Data shown ▸
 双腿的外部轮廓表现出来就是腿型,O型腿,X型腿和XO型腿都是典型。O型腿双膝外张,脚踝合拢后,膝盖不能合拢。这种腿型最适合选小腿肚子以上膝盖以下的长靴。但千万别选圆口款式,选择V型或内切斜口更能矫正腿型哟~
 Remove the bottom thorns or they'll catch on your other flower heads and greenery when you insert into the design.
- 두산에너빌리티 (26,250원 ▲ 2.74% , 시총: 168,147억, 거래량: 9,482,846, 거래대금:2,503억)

---

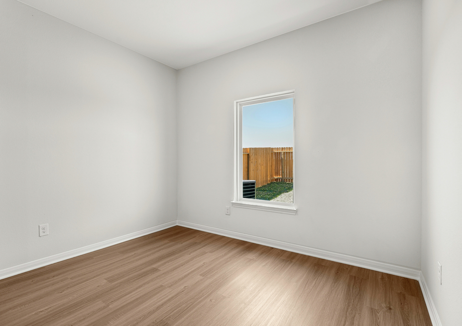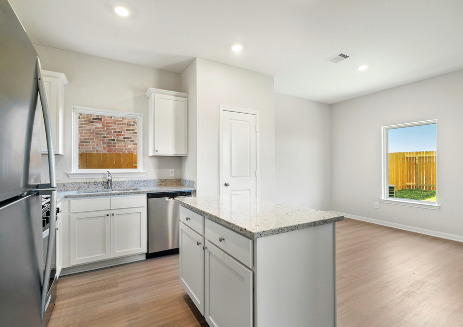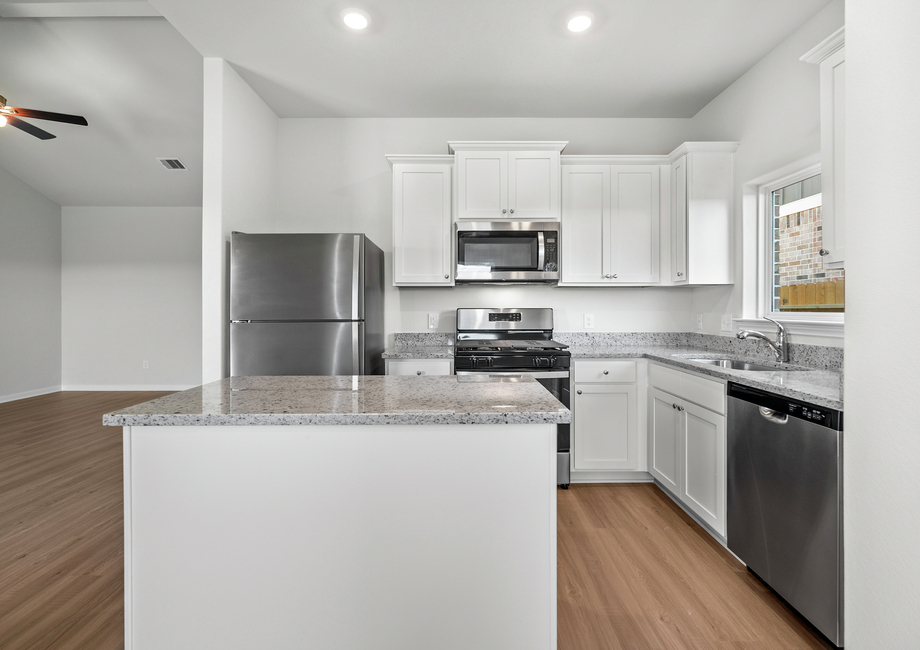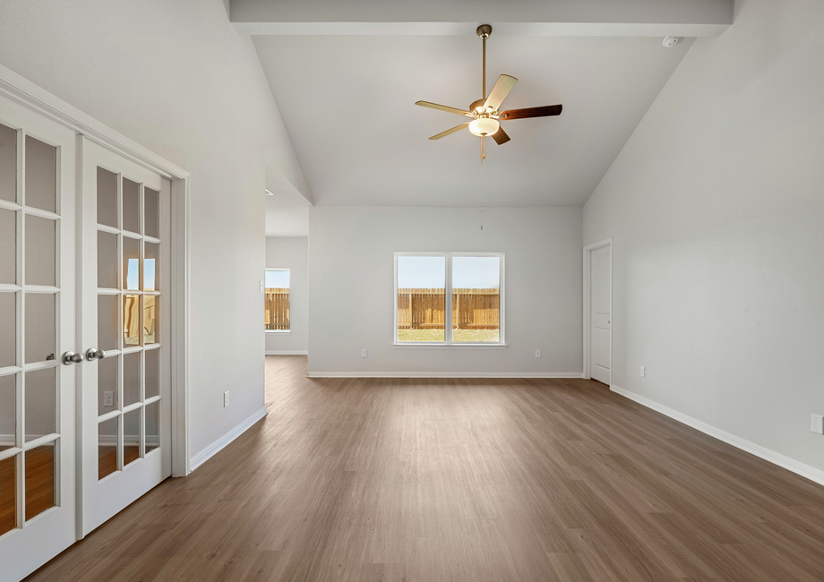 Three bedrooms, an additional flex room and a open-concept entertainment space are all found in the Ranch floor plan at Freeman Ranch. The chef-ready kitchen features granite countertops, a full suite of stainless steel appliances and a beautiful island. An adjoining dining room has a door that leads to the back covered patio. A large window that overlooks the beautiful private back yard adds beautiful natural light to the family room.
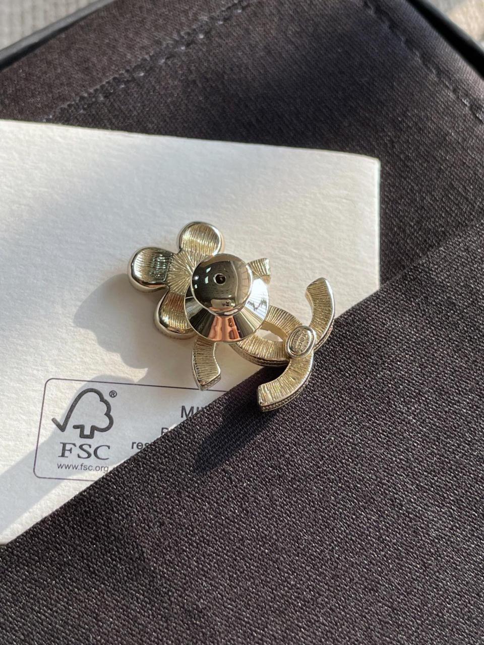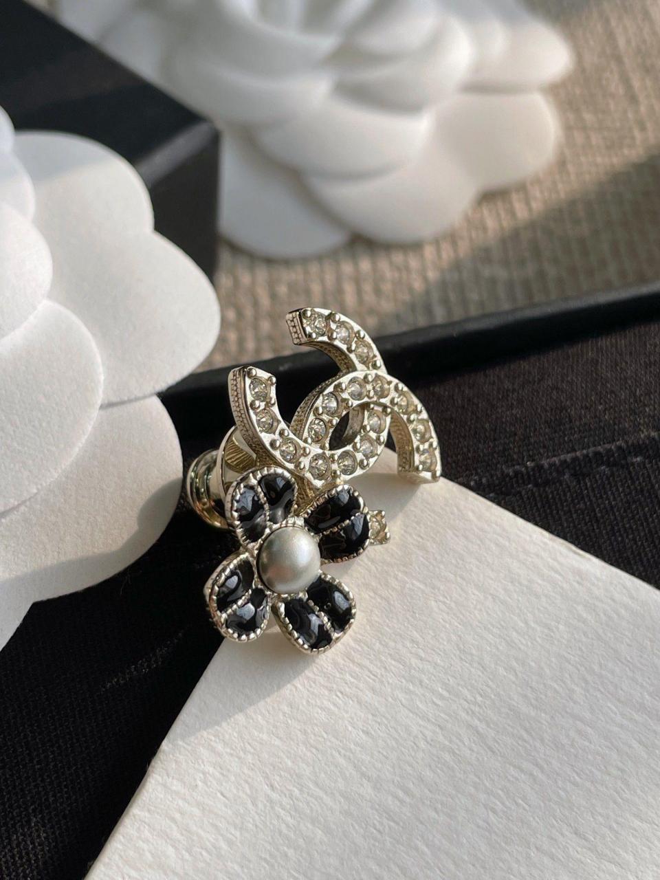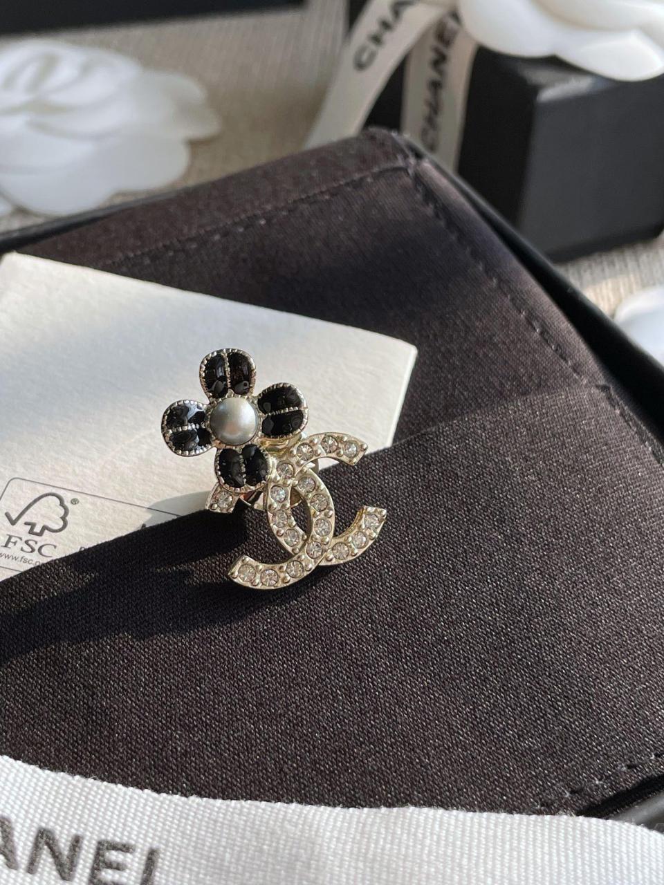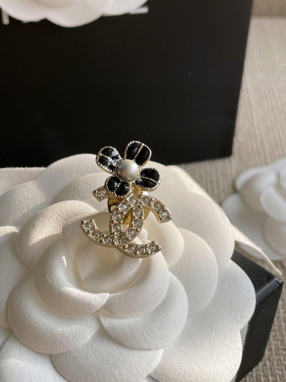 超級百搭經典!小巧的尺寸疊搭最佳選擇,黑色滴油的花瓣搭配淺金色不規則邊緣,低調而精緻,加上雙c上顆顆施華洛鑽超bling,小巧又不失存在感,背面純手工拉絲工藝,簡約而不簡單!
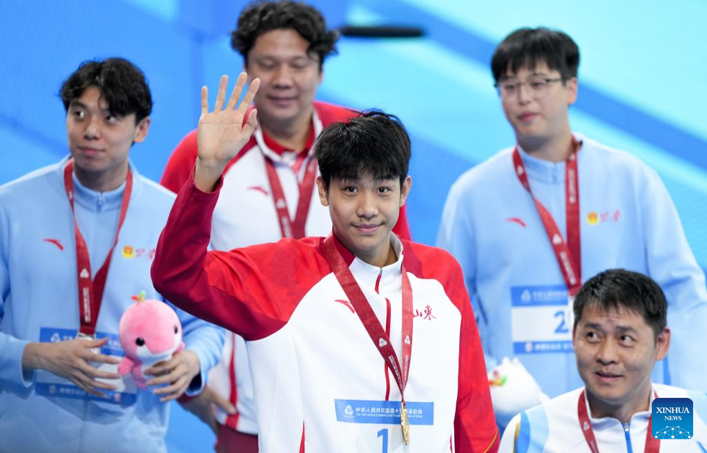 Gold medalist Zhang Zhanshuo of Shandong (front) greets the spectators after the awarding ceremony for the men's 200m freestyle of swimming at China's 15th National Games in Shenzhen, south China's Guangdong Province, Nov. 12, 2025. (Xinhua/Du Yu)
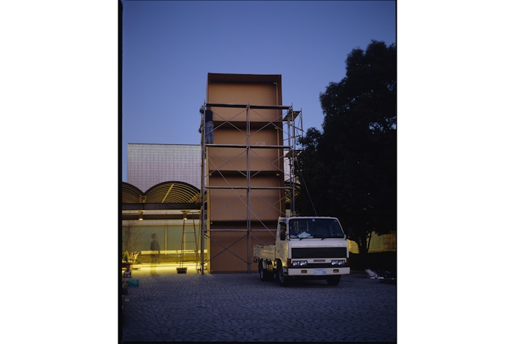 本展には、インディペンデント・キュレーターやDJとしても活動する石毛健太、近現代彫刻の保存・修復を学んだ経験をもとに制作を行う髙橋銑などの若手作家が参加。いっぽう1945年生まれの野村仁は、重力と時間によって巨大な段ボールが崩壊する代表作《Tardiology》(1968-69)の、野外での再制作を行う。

--

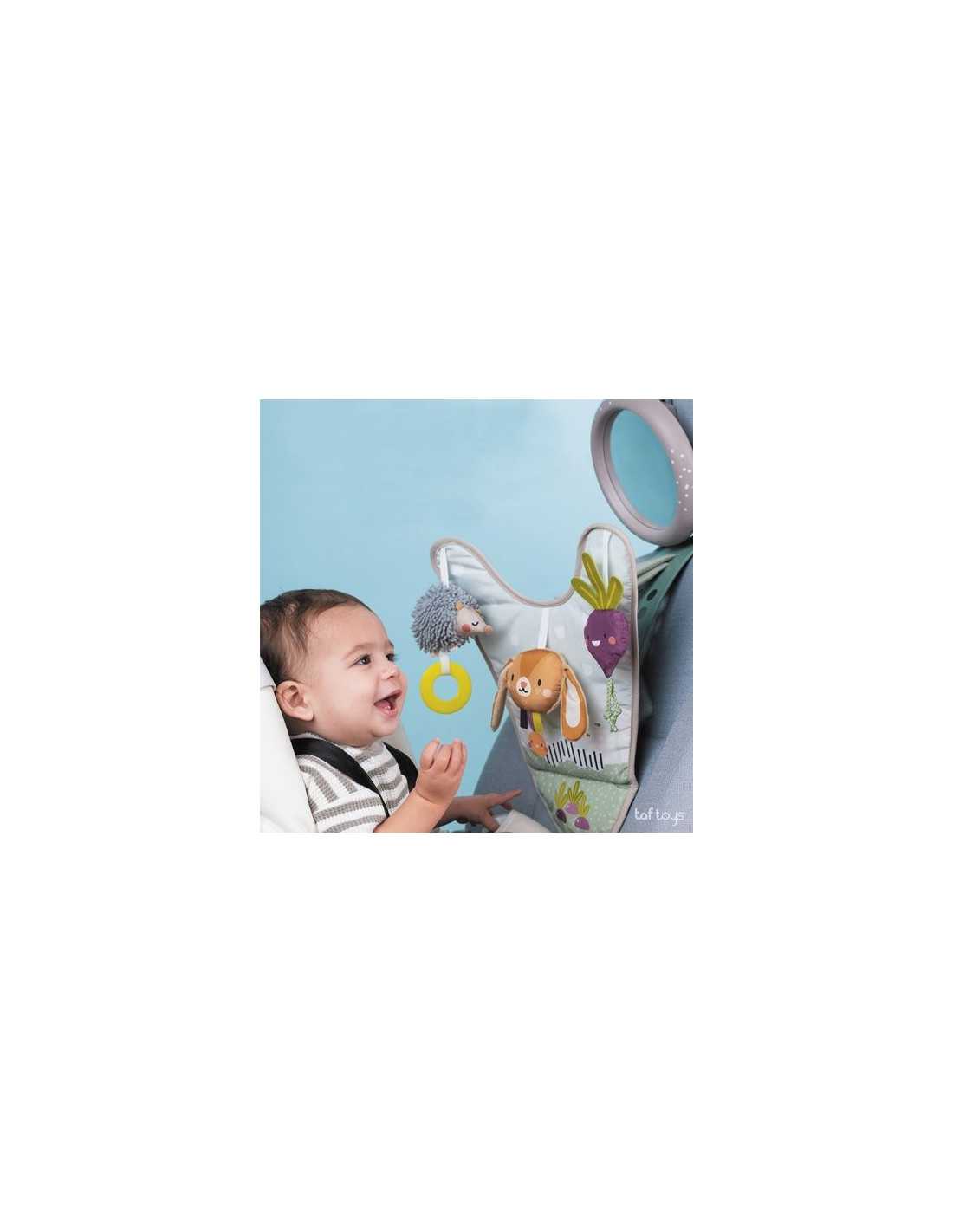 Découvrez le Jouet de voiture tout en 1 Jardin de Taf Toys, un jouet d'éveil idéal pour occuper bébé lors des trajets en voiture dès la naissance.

Your objective ▸ Produce a word-for-word copy of everything above from the line holding "Remove the bottom" down to the line holding "- 두산에너빌리티 (26,250원", with both of those lines kept.

Answer ▸
 Remove the bottom thorns or they'll catch on your other flower heads and greenery when you insert into the design.
- 두산에너빌리티 (26,250원 ▲ 2.74% , 시총: 168,147억, 거래량: 9,482,846, 거래대금:2,503억)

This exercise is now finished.